Exercise prompt
No pictures, no extra lines: copy exactly from the line with "Figure 1: Likely" through the end of the entries.

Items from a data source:
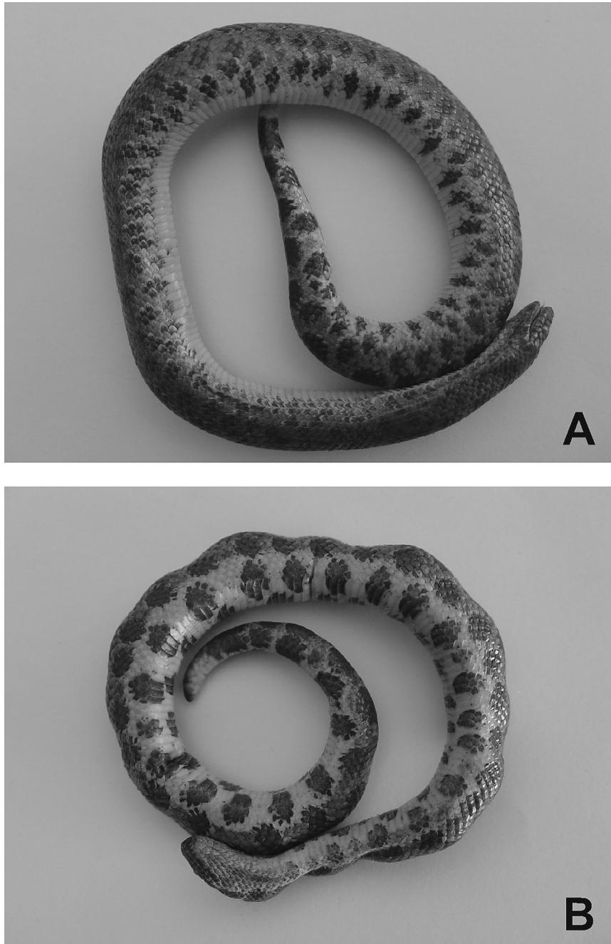
Figure 1. Lateroventral view of Tropidophis xanthogaster (holotype, A ) and Tropidophis pardalis (CZACC 4.12013, B ).
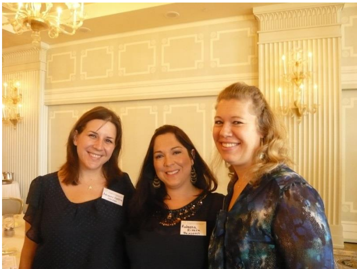
A talented woodwind trio of performers, "Third Wheel"
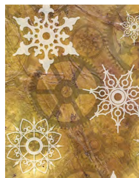
28905 S Gears & Snowflakes
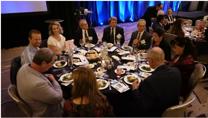
The CAID table celebrated SABC's Special Citation recognition.

More Photos at https://www.miningfoundationsw.org/page-1847263
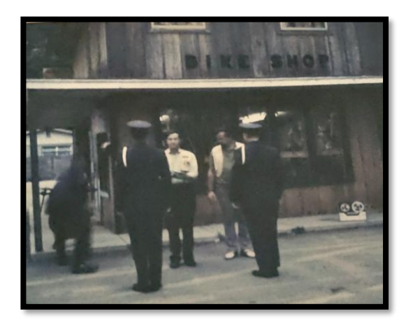
Freeman's Bike Shop
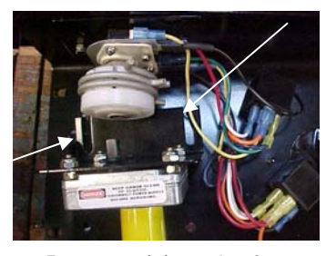
5. Remove (2) each of washers, lock-washers and nuts on the motor bracket and remove both the motor and bracket from the assembly, using a 7/16" socket
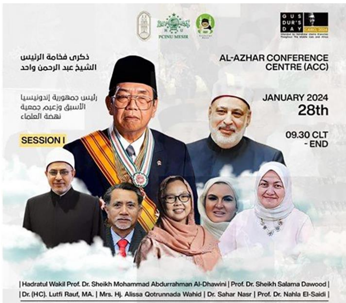
al-Azhar celebrates former Indonesian President Abdurrahman Wahid

[On Sunday, Egypt's pre-eminent center of Islamic authority] al-Azhar celebrated the memory and legacy of Indonesia's fourth president, KH. Abdurrahman Wahid, who was the nation's first head of state to be democratically elected.
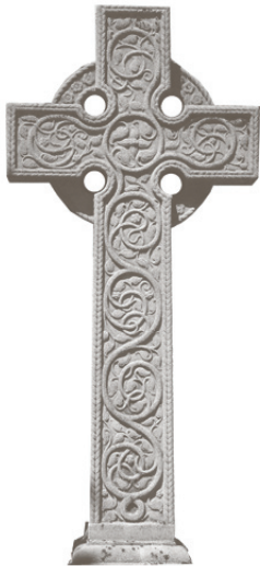
Celtic crosses are often found in Ireland and Great Britain. Some bear inscriptions in runes and the general style may be a combination of Christian and Celtic or pagan sun symbols.

Some researchers believe that the genes associated with the AMH moved with the early Celtic migrations. Although ancient ancestral Celts were a diverse group and varied in many ways, certain mythologies are consistent throughout most Celtic traditions, despite geographic or tribal boundaries. More than 300 Celtic deities have been described, many of which are reflected in classic Roman counterparts. The god Lugh (or Lugus) may have played an important role among those deities. Folklore and storytelling has infused Lugh's character with magic and fantasy, given him credit for thunder and lightening, and placed his stage in the sky.
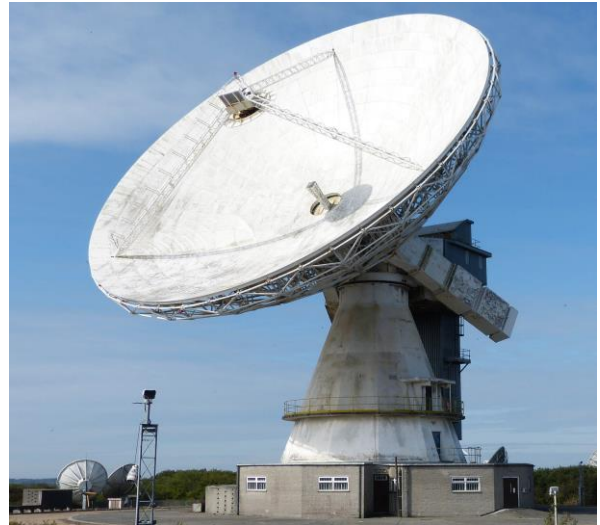
Goonhilly Earth Station 32 m dish

return loss was only 8 dB as we were below the design frequency of the feed. We did add an isolator to protect the PA. On 6 cm we were running 40 W. We received plenty of (599) reports so the system was working. Thanks to all those who came on to call us. QSL requests should be emailed to me and I will QSL direct. We were also able to give some operators new to microwave EME a chance to operate with this system and to give demonstrations to visitors to Goonhilly Earth Station. When conversion of GHY6 for the deep space network starts it will no longer be available for amateur radio, but we are hoping that GHY3, a 29.6 m antenna with a conventional Cassegrain feed may be available. So, we are thinking of suitable feeds and looking for ideas.
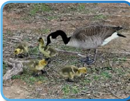
See these babies right now at the pond!

Let's all join in this year and every year to be the best stewards of these amazing places we all cherish and love so much.
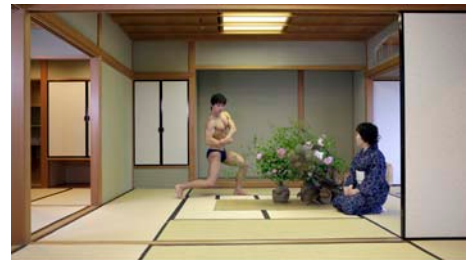
Alex Kershaw Muscles and pears 2011 Production still from the work Fantasticology Tokyo: faults, flesh, flowers , HD video

Alex Kershaw uses video as a tool for mediating intercultural exchange, through a process that incorporates performative, cinematic and 'ethnographic' approaches. Kershaw's new project Fantasticology Tokyo was developed in collaboration with four masters of Ikebana, the Japanese art of flower arrangement. The multi-channel video installation reworks vestiges of this ancient tradition through a series of orchestrated twists of context and materials that challenge and reinvent established roles and meanings.
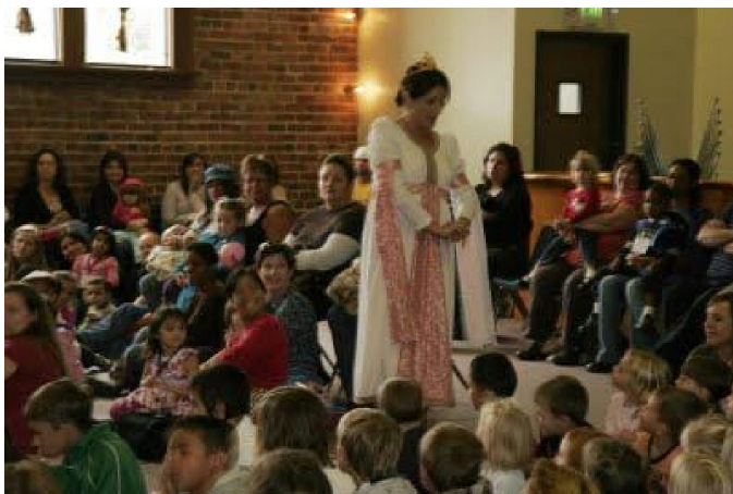
Culture for Kids 2009 “Papagenos Search for Love”

In October we presented “Papagenos Search for Love”, MTZO’s outreach program for young children under the age of five. Children enrolled in low-income and Head Start daycare centers in Contra Costa County had their first experience of opera, encountering Prince Orlofsky, Papagenno and Princess Pamina from Mozart’s Magic Flute , Cinderella, and other characters from classical operas. MTZO’s commitment to underprivileged children provides these young people with a rare introduction to classical music and art, part of our goal of bringing opera to everyone.
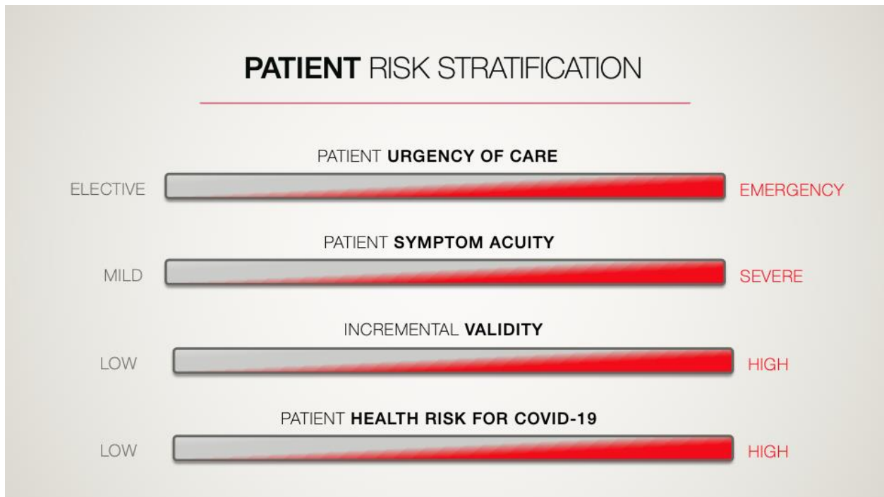
Figure 1. Patient Risk Stratification

Considering the benefits of neuropsychological assessment in the context of the risks of in-person practice during the pandemic, as mitigated by the various models for assessment noted above, is a complex process, and involves at least four different factors.
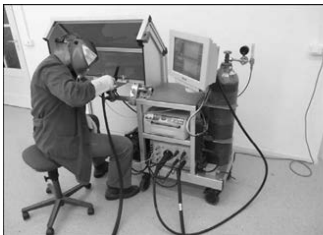
Figure 3. Semi-virtual VWTS with real low-capacity electric arc

More specifically, power sources are now capable of, regarding their regulation mechanisms, analyzing the welding process and adjusting to parameters. Particularly through the advent of pulse technology, the drop transfer is controlled,
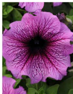
PETUNIA DADDY SUGAR
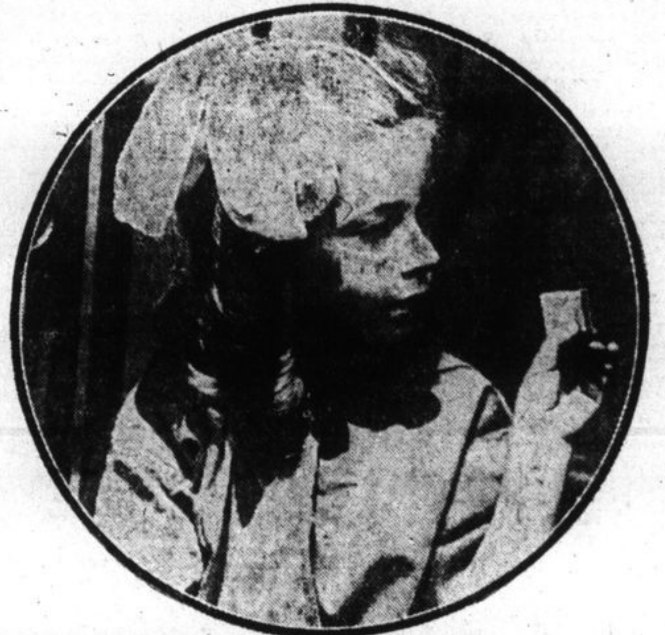
Only an eighth of an inch in length, this "smallest dictionary in the world" contains 14,000 words
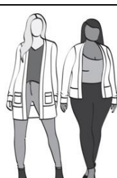
Blackwood knit Helen's Closet
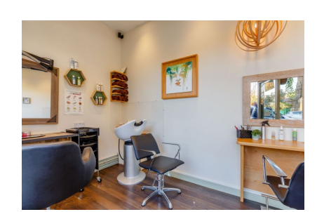
Rent: £15,000 Per annum Size: 330 Square feet Ref: #3123 Status: Available
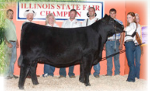
CF TOP LINE LADY 814 - Full sister to Lot 118.
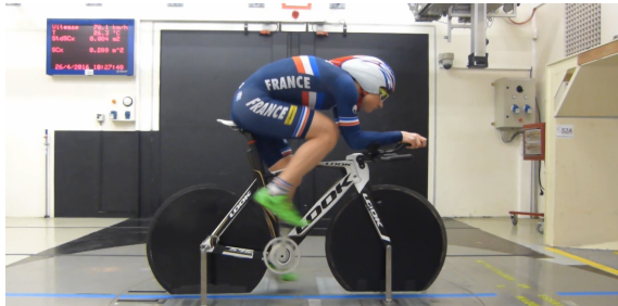
Figure 4: Picture of the cyclist during the wind tunnel test.

wind speed of 50 \text{ km.h}^{-1} . Measurements were recorded over 30s once the wind speed was stabilized (Garcia-Lopez et al., 2008).
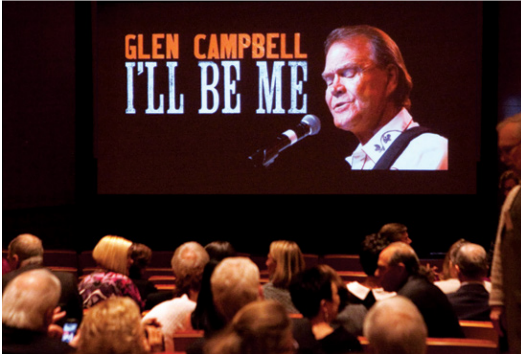
A VIP reception and screening of “Glen Campbell— I’ll Be Me” was hosted at the Cincinnati Art Museum.
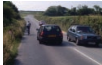
Two way traffic intimidates vulnerable users
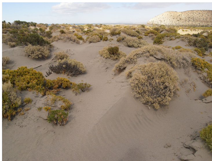
Figure 7. Dunes in Península Aristizábal.
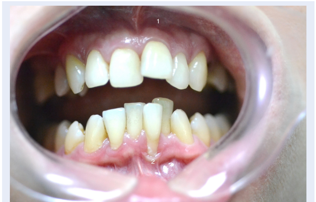
Figure 1: Picture of the dentition and areas of the oral mucosa. 1 – telangiectasia; 2 – McCall's feston.
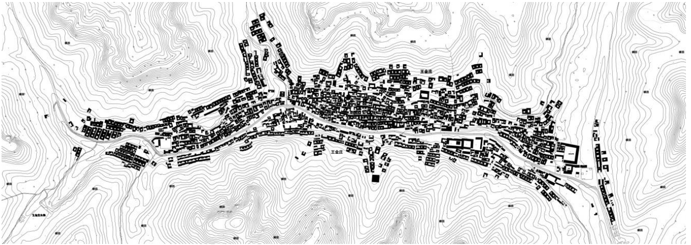
Figure 1. Wangjinzhuang settlement

On the north side of the main street, the buildings are densely distributed with abundant sunshine and a stone-slab street with unique space. Wangjinzhuang settlement gradually developed and expanded. The buildings are covered with mountains on both sides of the valley. The continuous extension to both ends of the main street will cause a deviation from the center, which is not easy to manage. Therefore, the linear layout of Wangjinzhuang is divided into five sections.
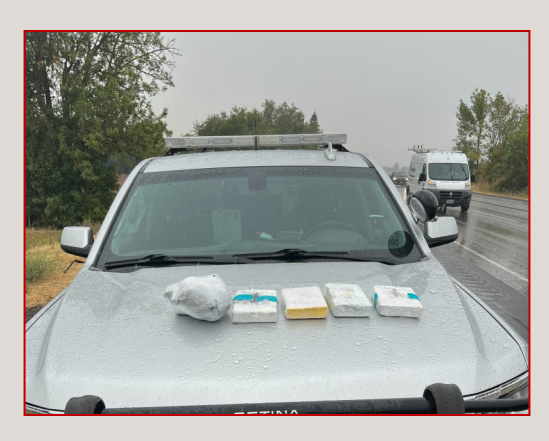
14.1 lbs. of fentanyl powder seized
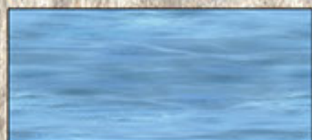
H 30166-444 1/2 yard (FQ)
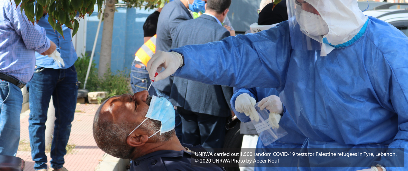
UNRWA carried out 1,500 random COVID-19 tests for Palestine refugees in Tyre, Lebanon.
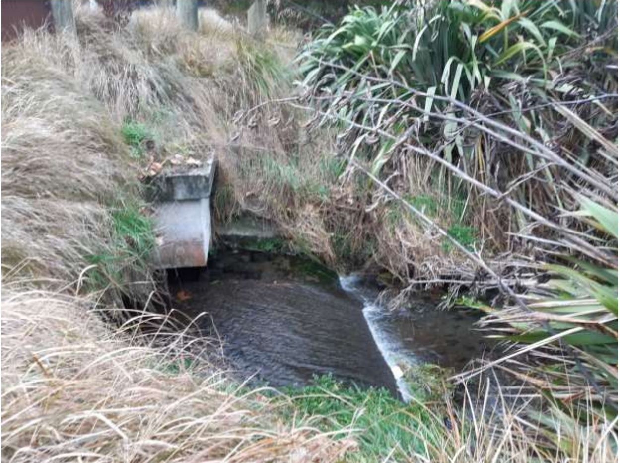
Figure 1: Likely partial fish passage barrier on a North Brook tributary – Corner of Cotter Lane and Northbrook Road
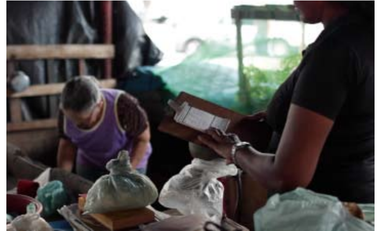
HOPEFORM Recife/ Madalena, 2014 Skopje/ Shutka secondary school, 2016
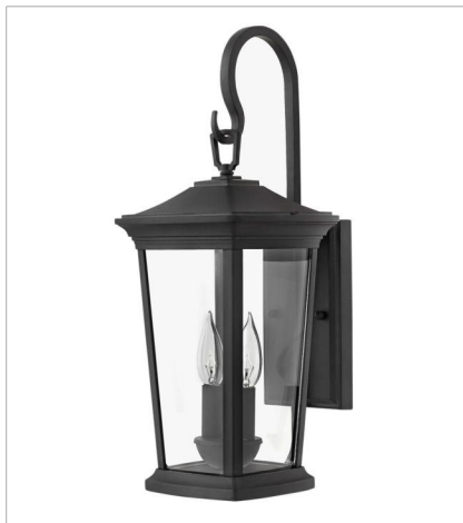
2364MB MEDIUM WALL MOUNT LANTERN 8" W, 20" H Socketed 2-5w Cand. LED, 60w Equiv.

Exercise response
Figure 1: Likely partial fish passage barrier on a North Brook tributary – Corner of Cotter Lane and Northbrook Road
HOPEFORM Recife/ Madalena, 2014 Skopje/ Shutka secondary school, 2016
2364MB MEDIUM WALL MOUNT LANTERN 8" W, 20" H Socketed 2-5w Cand. LED, 60w Equiv.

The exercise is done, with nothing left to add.